To retrieve the best model based on pre-set criteria we can use the function h2o.get_best_model, which allow us to specify the metric that we want to use to select the best model or the algorithm (e.g., RF, GBM or GLM). To do so, we use the function h2o.get_best_model() with the parameter automl_model to obtain the best model and assign it to an R object best_model. In that case, h2o will retrieve the best model based on RMSE since it is the default ranking criteria. If you want to change that, you can use criterion = "MAE" for instance or other metrics e.g., RMSE.

# Step 9: Extract the best-performing model
best_model <- h2o.get_best_model(automl_model)

4.1.2 Evaluation of the model

To evaluate how the model could perform in the wild we need to use completely new data that the model has not seen before. To test the model performance with data that the model has not seen before we can use h2o.performance(best_model) with the parameter newdata = test_data_h2o. This enables us to understand what the model can do in real-life applications. The h2o.performance function calculates several metrics such as MSE, RMSE, MAE, and RMSLE.

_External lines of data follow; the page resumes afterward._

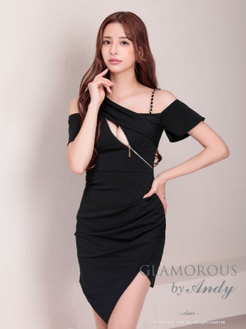 キャバドレス タイトミaニドレス GLAMOROUS グラマラス アシンメトリー オフショルダー ジップデザイン チェーン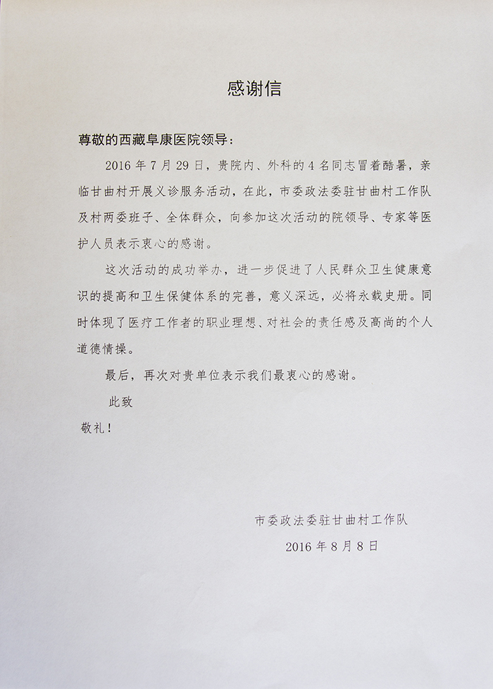 2016年7月,林周縣朱加村村委會、甘曲村村委會受當(dāng)?shù)卮迕袼?,與林周縣人民醫(yī)院和西藏阜康醫(yī)院相關(guān)負責(zé)人取得聯(lián)系,希望能夠派遣醫(yī)療義診隊為當(dāng)?shù)卮迕衩赓M義診。7月29日經(jīng)相關(guān)領(lǐng)導(dǎo)協(xié)調(diào),西藏阜康醫(yī)院派出了由外科專家李玉仲、內(nèi)科專家劉占懷及幾名護理人員組成的義診小分隊先后前往朱加村、甘曲村為當(dāng)?shù)卮迕衩赓M義診。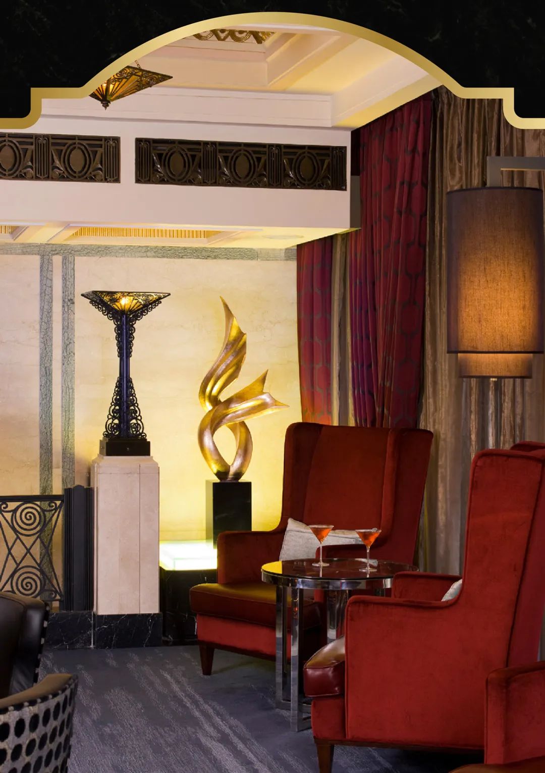 Every element of the interior color scheme at the Peace Hotel has been meticulously selected to accentuate a sense of prestige.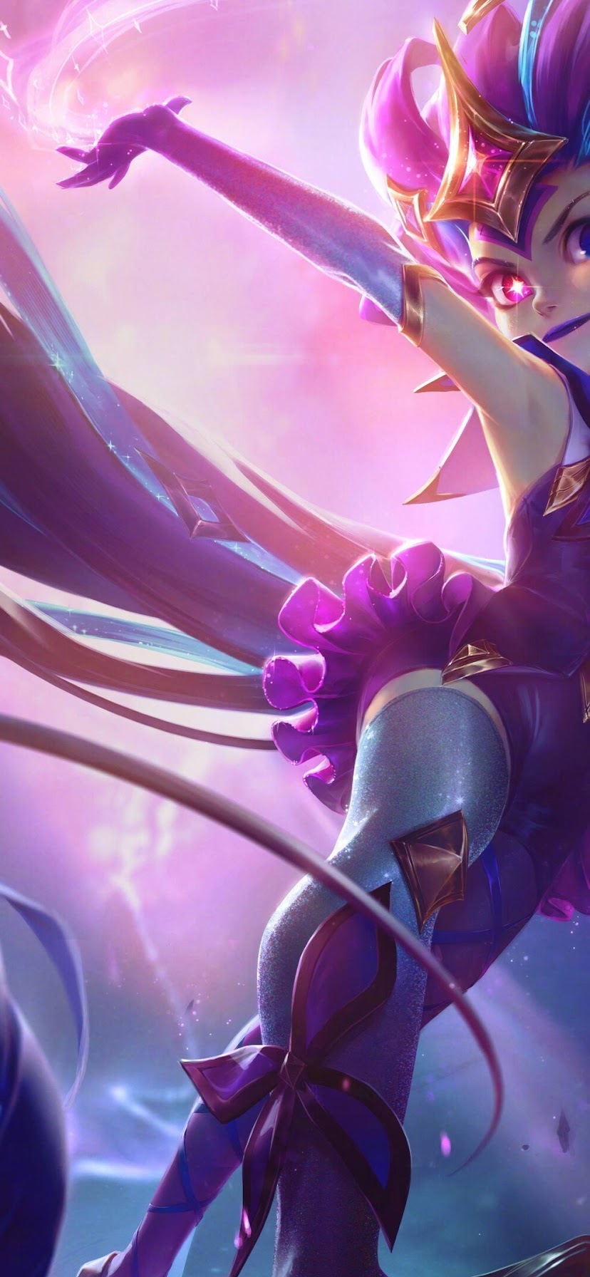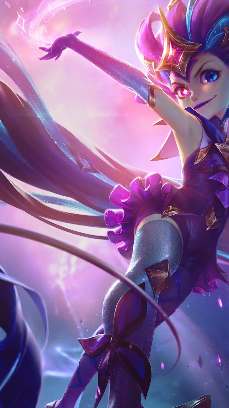 Zoe (League of Legends), Star Guardian, Women, Pink Hair, Blue Hair, Pink Dress 4K Wallpaper Background with a maximum resolution of 3840x2160 px.

# Step 9.1: Evaluate the best model's performance on the test data
best_model_performance <- h2o.performance(best_model, newdata = test_data_h2o)

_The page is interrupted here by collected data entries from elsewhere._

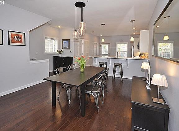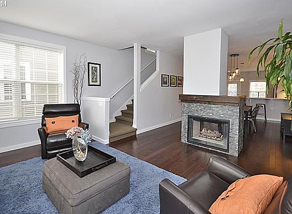 Stunning high-end remodel with Uber Cool finishes ! Sexy white designer kitchen with slab quartz counters, SS appliances and large eating bar.Solid Hickory floors throughout main level,"see-through" gas fireplace,custom Blt-ins in living room,Carrera Marble Vanity and Mt Hood view in Master. Coveted end unit with large custom cedar deck and private landscaped yard. Fantastic investment in area with amazing upscale development occurring.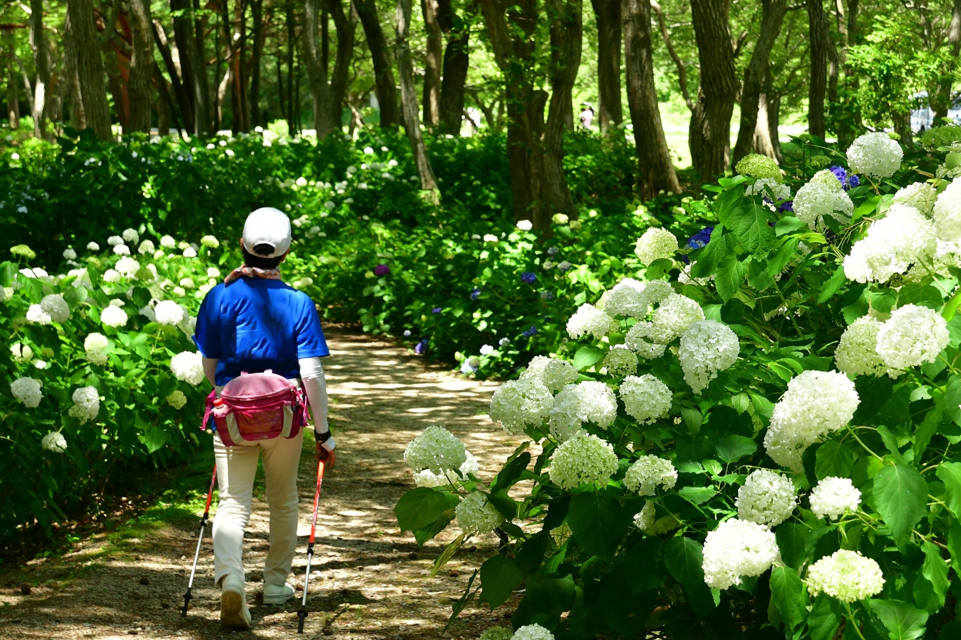 国営ひたち海浜公園の「ひなの林」では、約550株のアジサイ・アナベルが見頃を迎えました。今年の見頃は6月26日から7月10日頃まで続くと予想しています。雑木林の下で、純白の装飾花(ガク)を手毬状に咲かせるアナベルは、木々の木漏れ日を受けて輝き、初夏の風景を演出しています。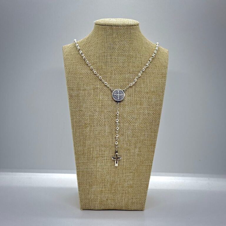 Rosario de plata 925 combinado con delicados cristales, que aportan brillo y elegancia a cada detalle. Se destaca la medalla de San Benito como centro y completa un fino crucifijo, conformando una pieza única.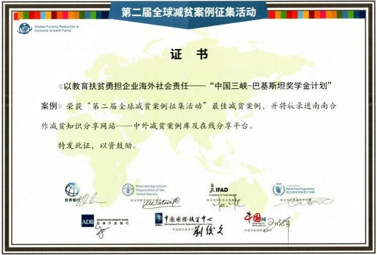 2022年,三峡南亚公司“中国三峡-巴基斯坦奖学金计划”作为首个中资企业在巴设立的全额移民奖学金项目,成功入选第二届全球最佳减贫案例,并被收录进南南合作减贫知识分享网站——中外减贫案例库及在线分享平台。该计划已选拔资助两批次共33名优秀学生在中巴两国学习交流并顺利完成学业,得到了两地教育主管部门、校方的高度肯定,先后有13名毕业生在卡洛特水电站从事专业技术工作。通过捐资助学,三峡集团为项目所在地的青年创造了更加光明的未来,同时也为当地储备了技术人才,搭建了中巴友谊桥梁。

# Step 9.2: Print the performance metrics on test data
print(best_model_performance)

# Step 9.3: Generate predictions on the test data
predictions <- h2o.predict(best_model, test_data_h2o)

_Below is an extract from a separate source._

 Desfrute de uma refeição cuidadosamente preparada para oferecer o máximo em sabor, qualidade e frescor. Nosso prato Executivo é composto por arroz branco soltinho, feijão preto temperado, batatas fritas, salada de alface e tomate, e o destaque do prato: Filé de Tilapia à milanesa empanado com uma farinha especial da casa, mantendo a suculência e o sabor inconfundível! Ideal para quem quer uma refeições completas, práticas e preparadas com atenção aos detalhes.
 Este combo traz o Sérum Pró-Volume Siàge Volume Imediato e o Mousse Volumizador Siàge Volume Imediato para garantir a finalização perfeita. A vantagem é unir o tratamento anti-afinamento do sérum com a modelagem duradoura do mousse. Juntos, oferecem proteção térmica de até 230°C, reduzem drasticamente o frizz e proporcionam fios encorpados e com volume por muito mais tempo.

In our case, the metrics for the best GBM model were:

MSE: 159.6543
RMSE: 12.63544
MAE: 4.978724
RMSLE: 0.2364497
Mean Residual Deviance: 159.6543

The RMSE indicates that the GBM model’s predictions were 12.64 points on average different from the values of the target variable (learning). This RMSE suggests that the model has a reasonable level of error in predicting the target variable. Similarly, the MSE (Mean Squared Error) is 159.65, which reflects the squared average of the errors, while the MAE is 4.98, showing the average absolute difference between predicted and actual values. The RMSLE is 0.24, which is helpful for understanding the model’s performance when the target variable has large variations. The Mean Residual Deviance is also 159.65, representing the average error per prediction, which aligns with the MSE. Please note that these parameters are different than the above ones in the leaderboard table, since we evaluated the model with unseen data, and it is expected to see some drop in model performance.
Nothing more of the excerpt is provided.